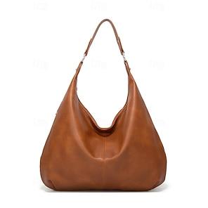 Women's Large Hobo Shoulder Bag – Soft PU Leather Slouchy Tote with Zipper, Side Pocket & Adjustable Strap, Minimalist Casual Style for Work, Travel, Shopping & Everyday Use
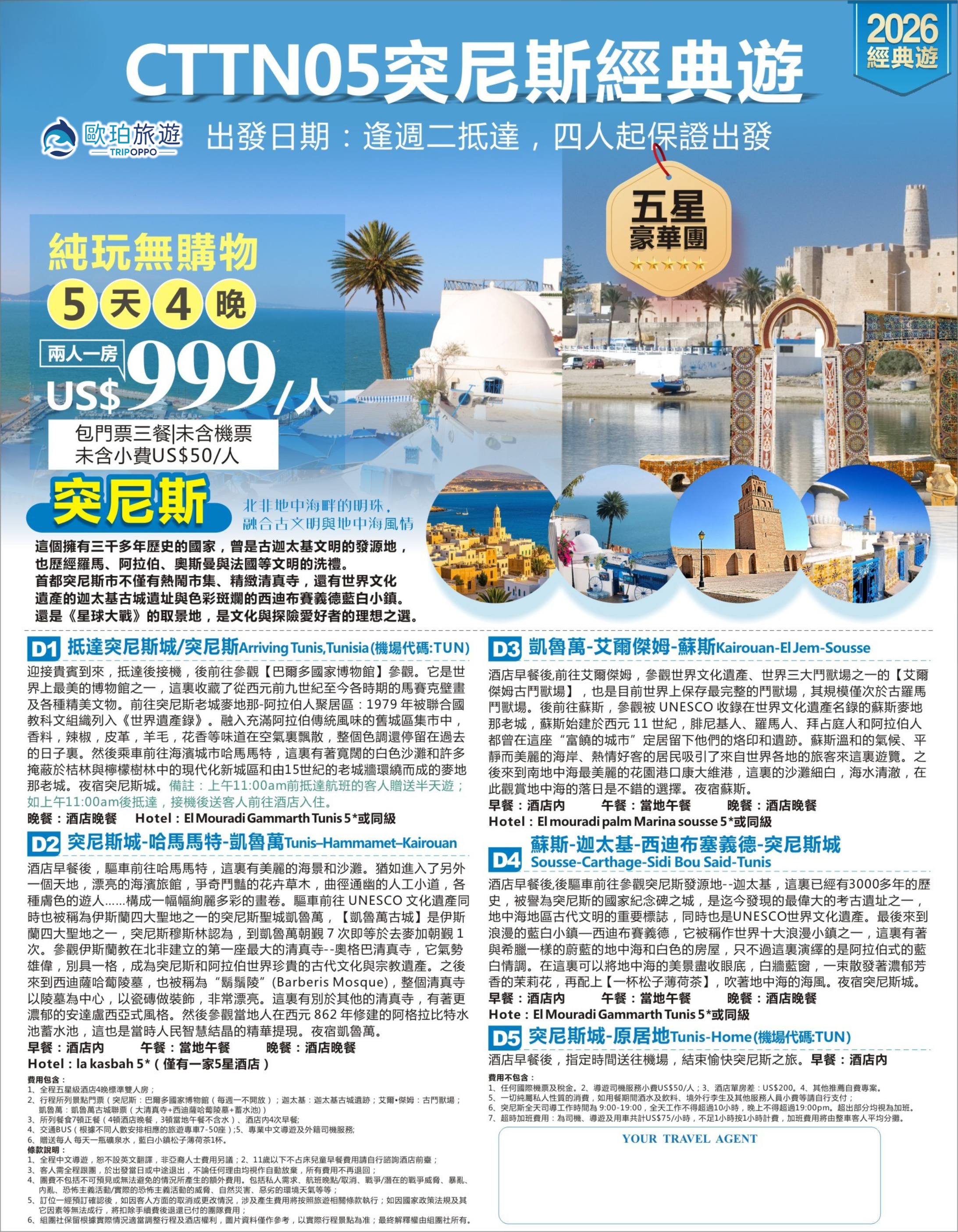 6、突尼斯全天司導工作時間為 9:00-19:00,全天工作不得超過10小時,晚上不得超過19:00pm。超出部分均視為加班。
● ● ● ● ●
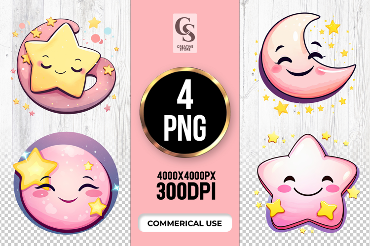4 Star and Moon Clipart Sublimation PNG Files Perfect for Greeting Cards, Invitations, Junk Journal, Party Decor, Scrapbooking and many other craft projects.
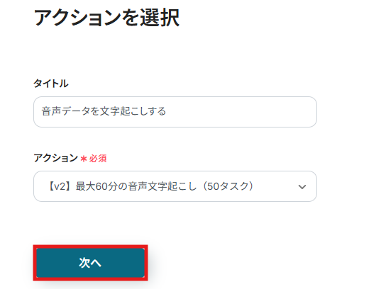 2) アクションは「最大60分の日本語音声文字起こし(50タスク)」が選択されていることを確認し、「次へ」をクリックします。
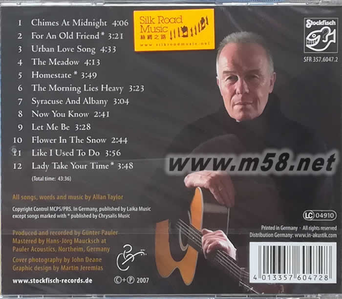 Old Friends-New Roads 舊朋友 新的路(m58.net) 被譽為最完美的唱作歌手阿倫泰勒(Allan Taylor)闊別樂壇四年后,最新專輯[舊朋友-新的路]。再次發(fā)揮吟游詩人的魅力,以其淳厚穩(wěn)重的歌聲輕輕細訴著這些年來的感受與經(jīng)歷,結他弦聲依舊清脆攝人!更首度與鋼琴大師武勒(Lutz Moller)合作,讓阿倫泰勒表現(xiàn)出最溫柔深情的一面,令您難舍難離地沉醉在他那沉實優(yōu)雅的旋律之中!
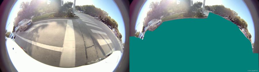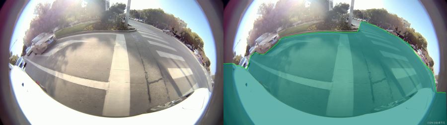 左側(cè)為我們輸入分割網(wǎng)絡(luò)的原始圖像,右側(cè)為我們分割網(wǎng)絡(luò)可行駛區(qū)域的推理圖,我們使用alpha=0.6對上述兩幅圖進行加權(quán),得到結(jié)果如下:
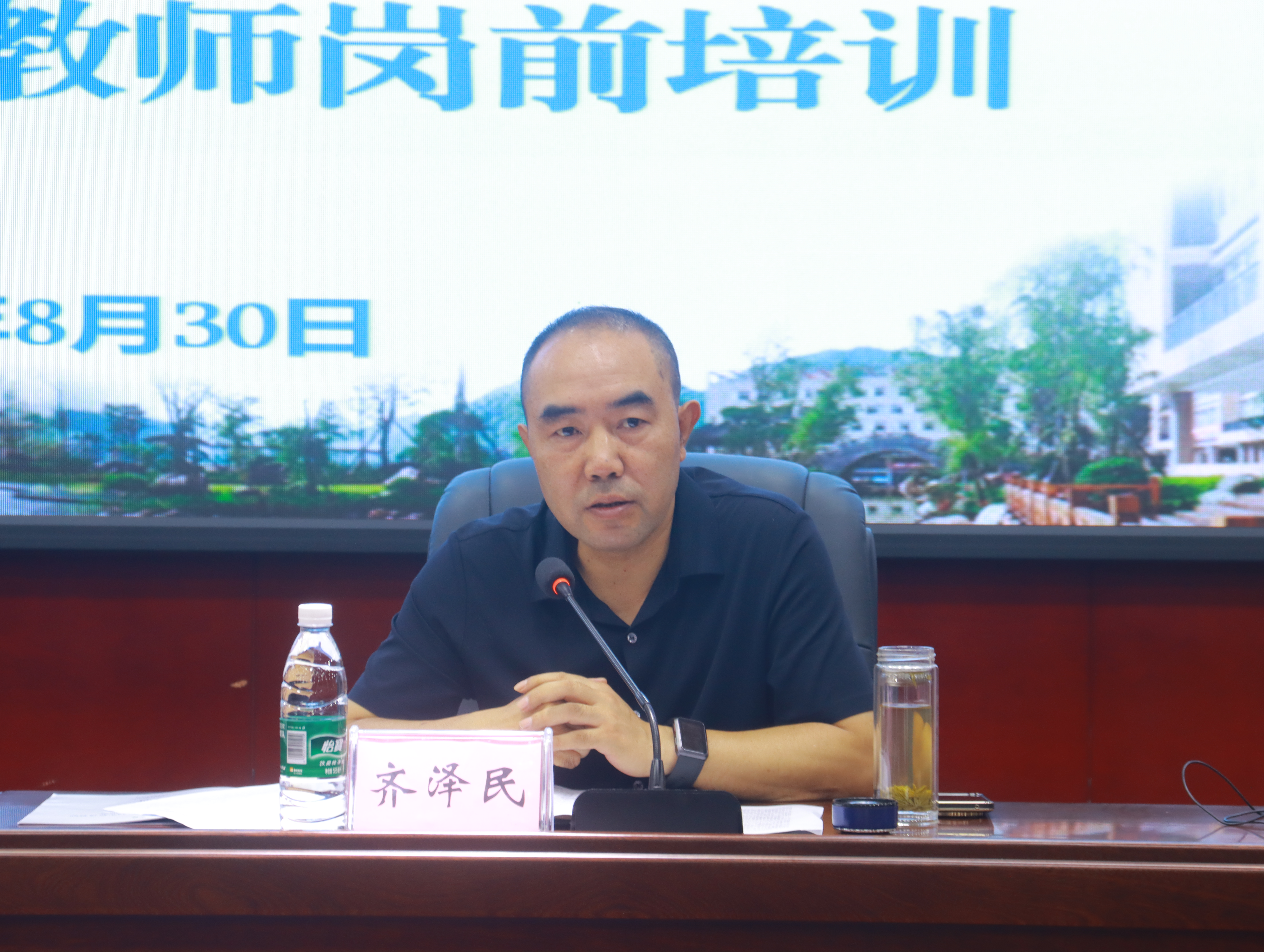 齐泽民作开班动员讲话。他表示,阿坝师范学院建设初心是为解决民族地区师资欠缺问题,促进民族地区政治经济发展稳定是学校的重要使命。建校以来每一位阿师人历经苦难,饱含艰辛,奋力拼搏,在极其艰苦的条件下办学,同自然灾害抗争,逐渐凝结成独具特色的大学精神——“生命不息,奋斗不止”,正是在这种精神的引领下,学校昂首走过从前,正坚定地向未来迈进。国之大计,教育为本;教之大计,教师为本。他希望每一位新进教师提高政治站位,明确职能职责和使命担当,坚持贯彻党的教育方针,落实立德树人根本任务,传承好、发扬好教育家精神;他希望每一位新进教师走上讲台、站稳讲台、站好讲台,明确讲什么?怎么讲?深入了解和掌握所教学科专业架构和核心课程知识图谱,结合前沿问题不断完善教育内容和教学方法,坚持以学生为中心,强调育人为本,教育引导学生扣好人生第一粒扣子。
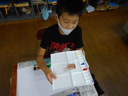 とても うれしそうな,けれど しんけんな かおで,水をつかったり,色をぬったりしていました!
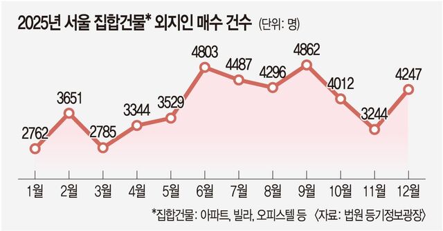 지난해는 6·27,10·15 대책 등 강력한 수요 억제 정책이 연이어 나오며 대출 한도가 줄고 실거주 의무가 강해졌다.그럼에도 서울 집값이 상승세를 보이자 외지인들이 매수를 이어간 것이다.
● ● ● ● ●
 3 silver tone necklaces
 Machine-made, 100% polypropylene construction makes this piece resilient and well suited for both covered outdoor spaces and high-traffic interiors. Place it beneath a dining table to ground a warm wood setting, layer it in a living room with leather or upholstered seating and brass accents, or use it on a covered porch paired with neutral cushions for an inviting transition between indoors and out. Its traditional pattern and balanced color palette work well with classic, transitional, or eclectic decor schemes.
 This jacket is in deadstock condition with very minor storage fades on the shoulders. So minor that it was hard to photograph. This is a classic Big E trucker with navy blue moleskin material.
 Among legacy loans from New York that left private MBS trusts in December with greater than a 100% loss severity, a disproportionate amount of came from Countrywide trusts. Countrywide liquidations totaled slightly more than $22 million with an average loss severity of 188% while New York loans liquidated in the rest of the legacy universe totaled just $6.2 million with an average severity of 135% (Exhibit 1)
● ● ● ● ●
◆ **Task description**:
Drop the pictures; return the lines above from the line containing "Women's Large Hobo" to the line containing "6、突尼斯全天司導工作時間為", both included, exactly.

◆ **Your solution**:
 Women's Large Hobo Shoulder Bag – Soft PU Leather Slouchy Tote with Zipper, Side Pocket & Adjustable Strap, Minimalist Casual Style for Work, Travel, Shopping & Everyday Use
 6、突尼斯全天司導工作時間為 9:00-19:00,全天工作不得超過10小時,晚上不得超過19:00pm。超出部分均視為加班。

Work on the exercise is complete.